TASK OBJECTIVE: All that is needed is the first stretch of the listing below, repeated exactly and ending with the line that contains "Τις Κυριακές στη". Pictures are to be left out.

RAW DATA:
<<<<
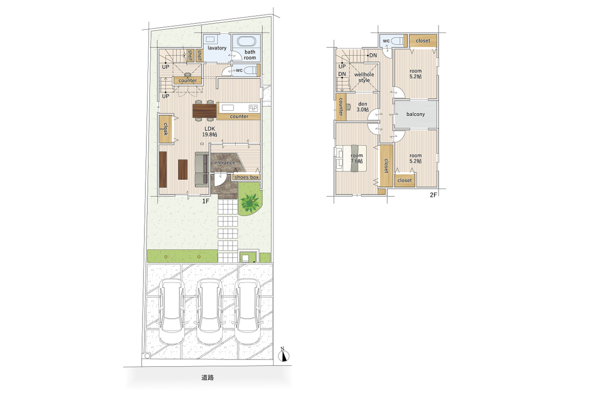 - ※完成予想図やCG合成画像は、門塀・植栽・庭・外観等、実際とは多少異なる場合があります。
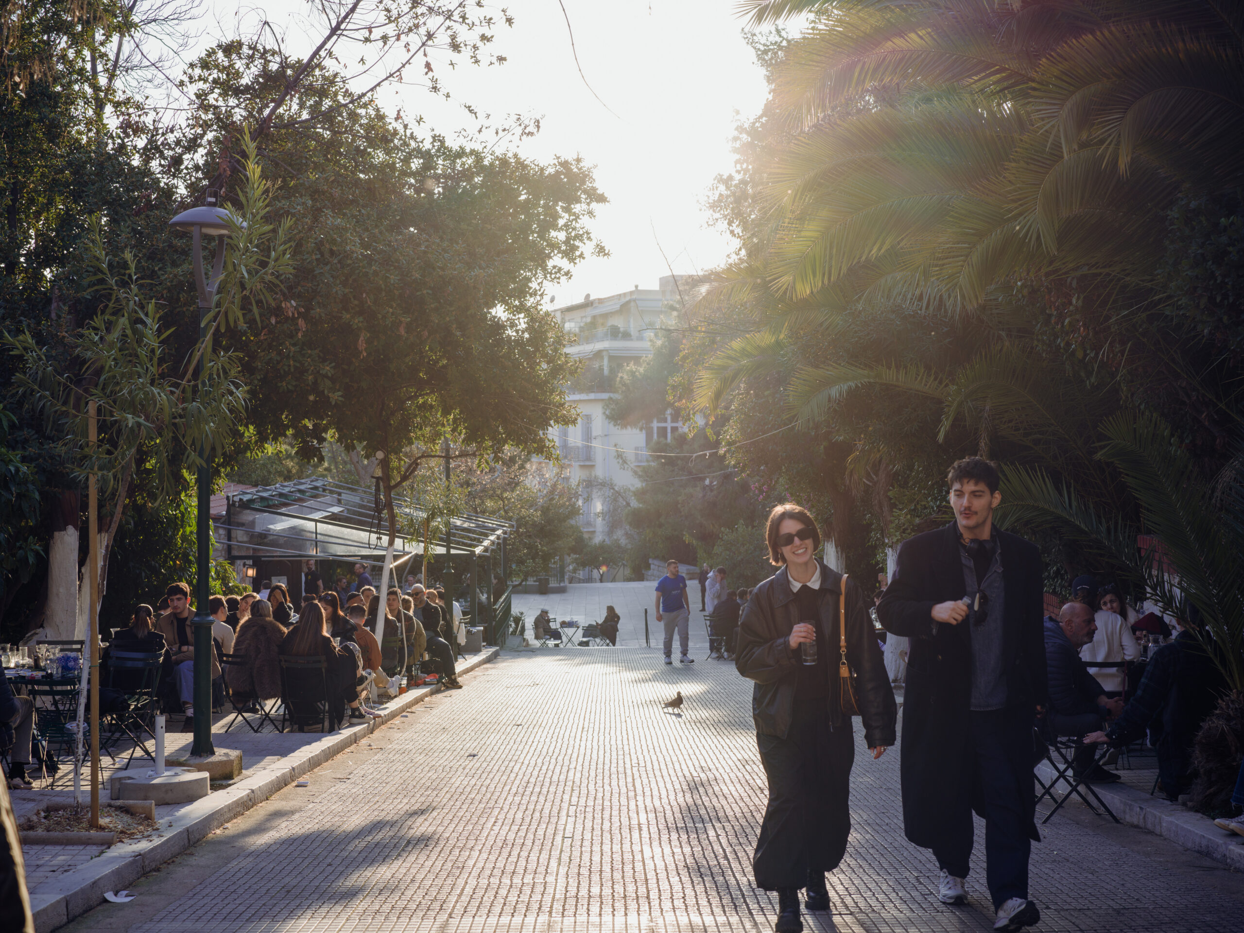 Τις Κυριακές στη Δεξαμενή, ο κόσμος διαβάζει εφημερίδες, οργανώνει παιδικά πάρτι, κάνει τυχαίες γνωριμίες και απολογισμούς εβδομάδας (αλλά και ζωής). Λίγα λεπτά μετά τις 10 το πρωί, κάτοικοι, επισκέπτες και τουρίστες παίρνουν θέσεις στις πράσινες μεταλλικές καρέκλες του ομώνυμου παραδοσιακού καφενείου. Σκιά ή ήλιος; Ιδού η απορία. Η αναμονή στην ουρά μεγαλώνει, τα παγκάκια γεμίζουν, οι φωνές μπλέκονται και η μέρα περνά σε αργή κίνηση πάνω στα τραπεζάκια. Από τον φραπέ στον καπουτσίνο και από εκεί στις τηγανητές πατάτες και στα καλαμαράκια, με την Ακρόπολη στο βάθος να λειτουργεί σαν το μόνο ρολόι: αν οι κίονές της «λιώνουν», τότε το μεσημέρι φτάνει στο τέλος του· αν το χρώμα της «σκουραίνει» και ο ουρανός πίσω της σβήνει, τότε μάλλον έχει πάει εφτά. Απαραίτητο σουβενίρ; Μια φωτογραφία στο ηλιοβασίλεμα, πριν τα γύρω μπαρ γεμίσουν και η πρώτη φουρνιά από θαμώνες επιστρέψει στο σπίτι της.
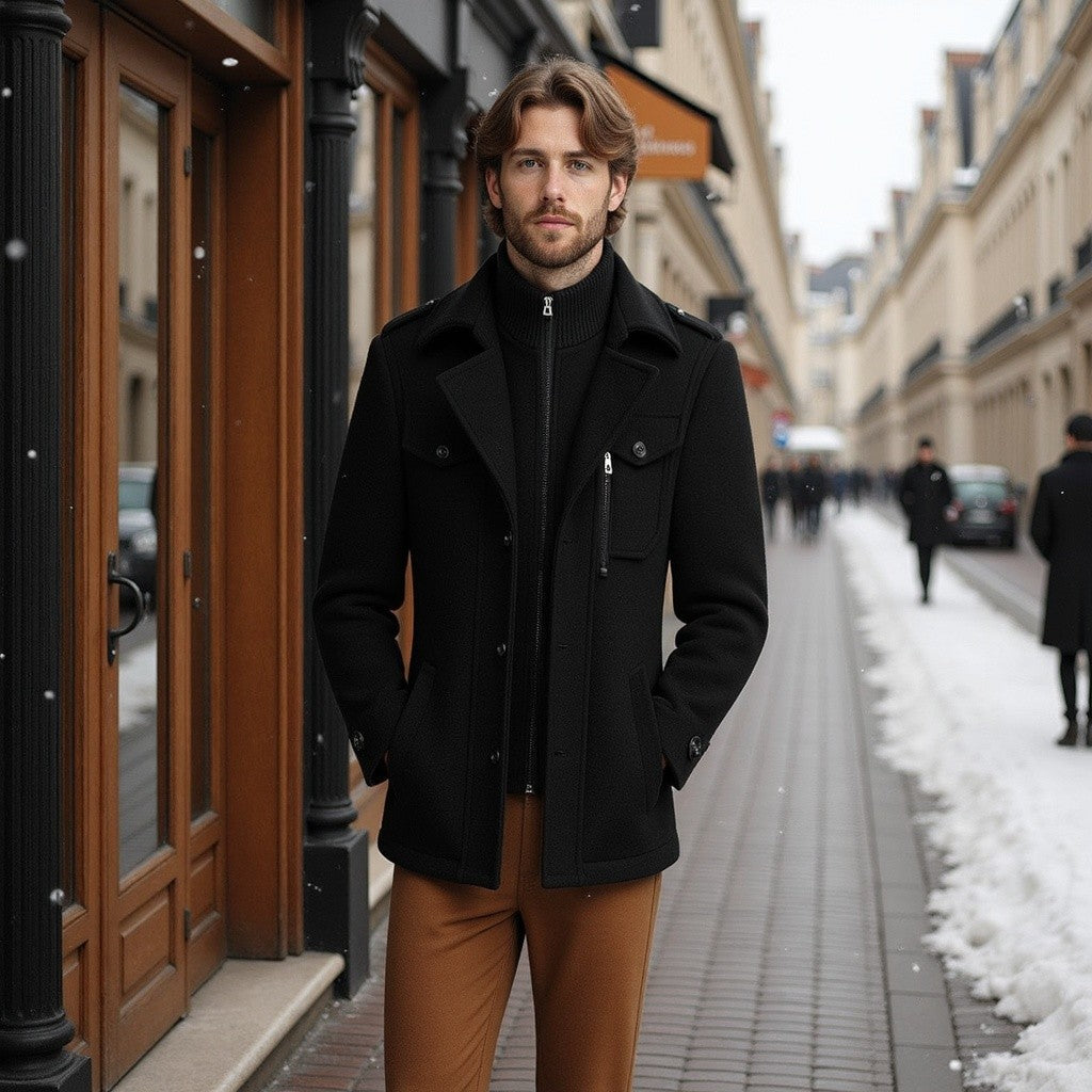 Inspired by classic British tailoring, this coat is for the man who values tradition and timeless style. The subtle military details and structured silhouette make it a staple for those who appreciate quiet elegance and enduring quality
>>>>
RESULT:
 - ※完成予想図やCG合成画像は、門塀・植栽・庭・外観等、実際とは多少異なる場合があります。
 Τις Κυριακές στη Δεξαμενή, ο κόσμος διαβάζει εφημερίδες, οργανώνει παιδικά πάρτι, κάνει τυχαίες γνωριμίες και απολογισμούς εβδομάδας (αλλά και ζωής). Λίγα λεπτά μετά τις 10 το πρωί, κάτοικοι, επισκέπτες και τουρίστες παίρνουν θέσεις στις πράσινες μεταλλικές καρέκλες του ομώνυμου παραδοσιακού καφενείου. Σκιά ή ήλιος; Ιδού η απορία. Η αναμονή στην ουρά μεγαλώνει, τα παγκάκια γεμίζουν, οι φωνές μπλέκονται και η μέρα περνά σε αργή κίνηση πάνω στα τραπεζάκια. Από τον φραπέ στον καπουτσίνο και από εκεί στις τηγανητές πατάτες και στα καλαμαράκια, με την Ακρόπολη στο βάθος να λειτουργεί σαν το μόνο ρολόι: αν οι κίονές της «λιώνουν», τότε το μεσημέρι φτάνει στο τέλος του· αν το χρώμα της «σκουραίνει» και ο ουρανός πίσω της σβήνει, τότε μάλλον έχει πάει εφτά. Απαραίτητο σουβενίρ; Μια φωτογραφία στο ηλιοβασίλεμα, πριν τα γύρω μπαρ γεμίσουν και η πρώτη φουρνιά από θαμώνες επιστρέψει στο σπίτι της.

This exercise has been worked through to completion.